Split your early-stage startup into three teams:

Strategy

Development

Administration

The strategy team sets out the vision and owns the product. The idea is theirs. Then, they hand off to the development team, which is functionally subservient, and is simply responsible for building out the strategy team's vision. It's possible they're outsourced to a development firm. Meanwhile, the administration team takes care of the bills and payroll.

It doesn't work. Why not?

At first glance you'd be semi-forgiven for thinking that it should, because it more closely mirrors the structure found in larger organizations. But there are a couple of reasons why this kind of setup is almost always going to fail.

The product is the most important part of a startup.

By which I mean, the whole product: design, implementation, use and feedback, in its full context. Unless you're the mythical version of Steve Jobs, which nobody is or ever has been, and unless the sole customer of the product is you and just you, you're not going to come up with a fully-formed, perfect product idea with your own brain alone. If you're smart, you're going to know what you don't know, and seek feedback from your users and potential users.

How does that feedback loop work? It's part of the product itself. Which means that the people building the product need to be in on it. And conversely, you need to be part of the team building the product, in a very deep, real way.

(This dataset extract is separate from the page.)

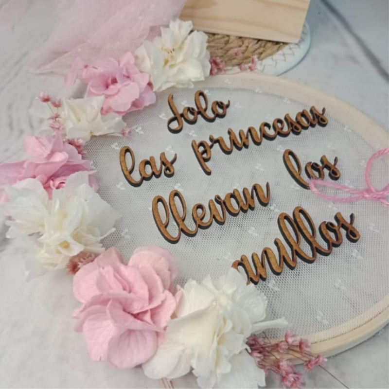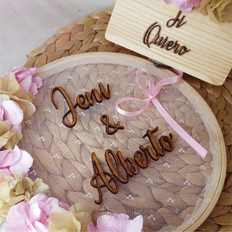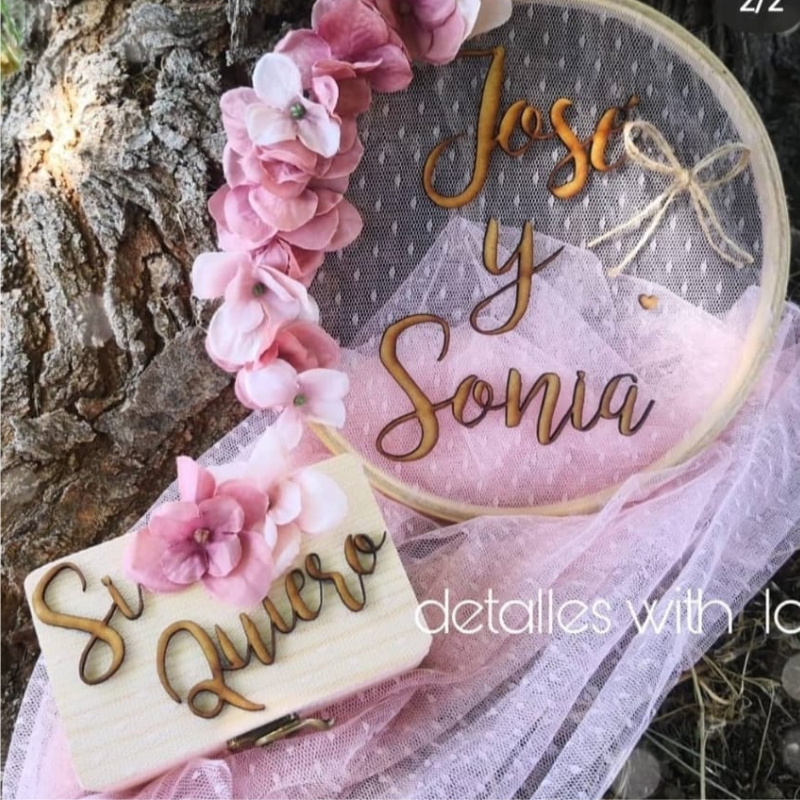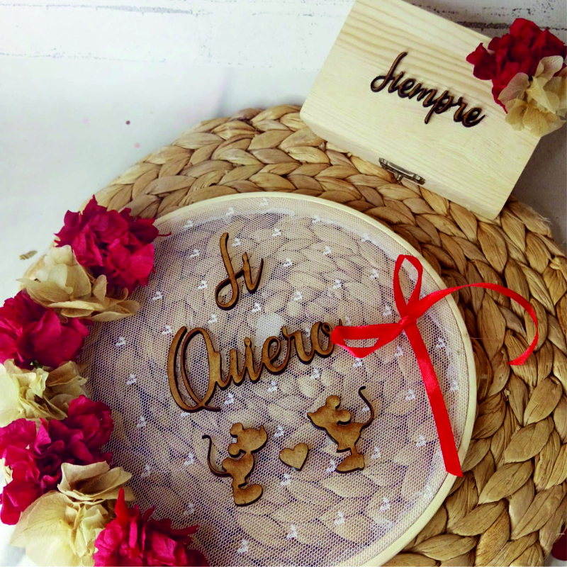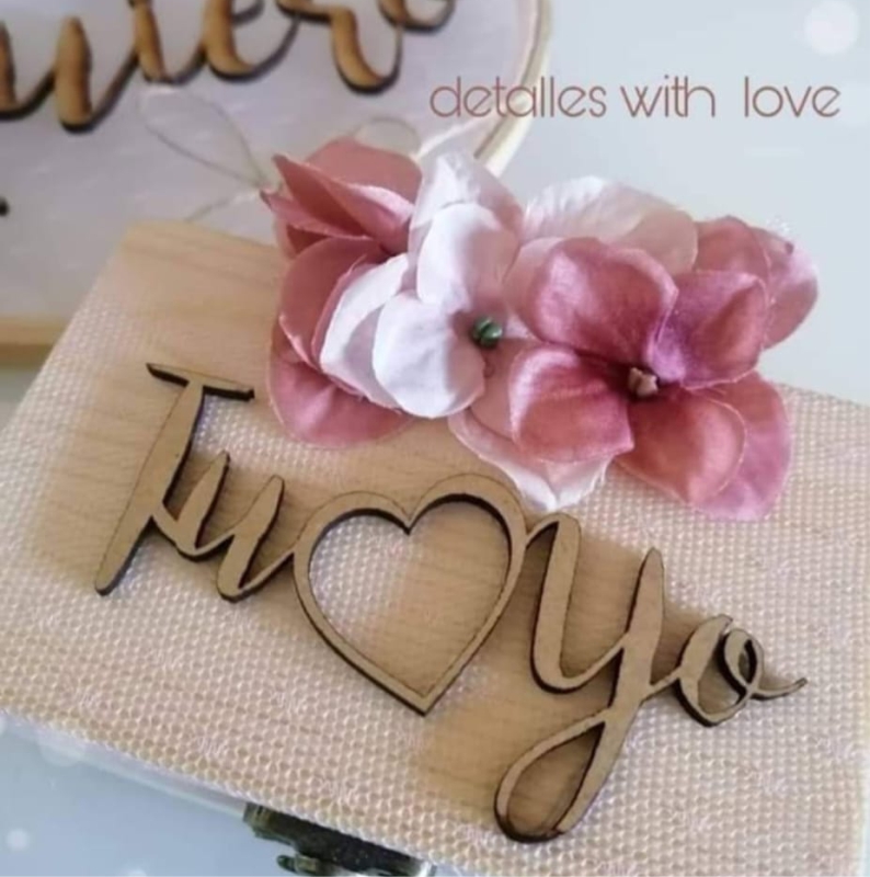 Incluye bastidor y caja madera personalizada con la frase y diseño que más te guste.

Maybe, as a business-orientated founder, you don't know how to code, but you'd better be prepared to get very technical, very quickly. Not having technical chops is a disadvantage, and it's not something you can outsource. If you can't script, you can probably help with wireframing and workflows, and if you can't do that ... you might want to consider a job working for a management services firm. Accenture is waiting.

The technical members of the team need to be equal stakeholders in the strategy, and the "strategy" members of your team need to be stakeholders in product development. (After all, you hired the smartest, most creative people you could find, right?) No, this isn't going to work when you've got 5,000 employees, but when there are five of you, it's the only efficient way to build a product.

So what about those administrative employees?

A startup is a scrappier kind of business, but it is a business. Everyone needs to be tied to the numbers, and just as everyone needs to be prepared to get involved in product, they need to be able to understand exactly how much money is left, where it's going to, and how their actions and technical decisions affect the bottom line. Of course, that buck ultimately stops with you - but if it's your startup, every buck ultimately stops with you. There's nothing to be gained from hiding details, or trying to protect your employees. And extra administrative staff will simply add to the burn rate. You should be doing the payroll yourself, until you get big enough to justify something else.

In other words: keep it small, keep it simple, and make your organization as flat as you possibly can. You'll need to add more structure later on, but for now, your only goals are to survive and grow. Abstraction will not help you do that.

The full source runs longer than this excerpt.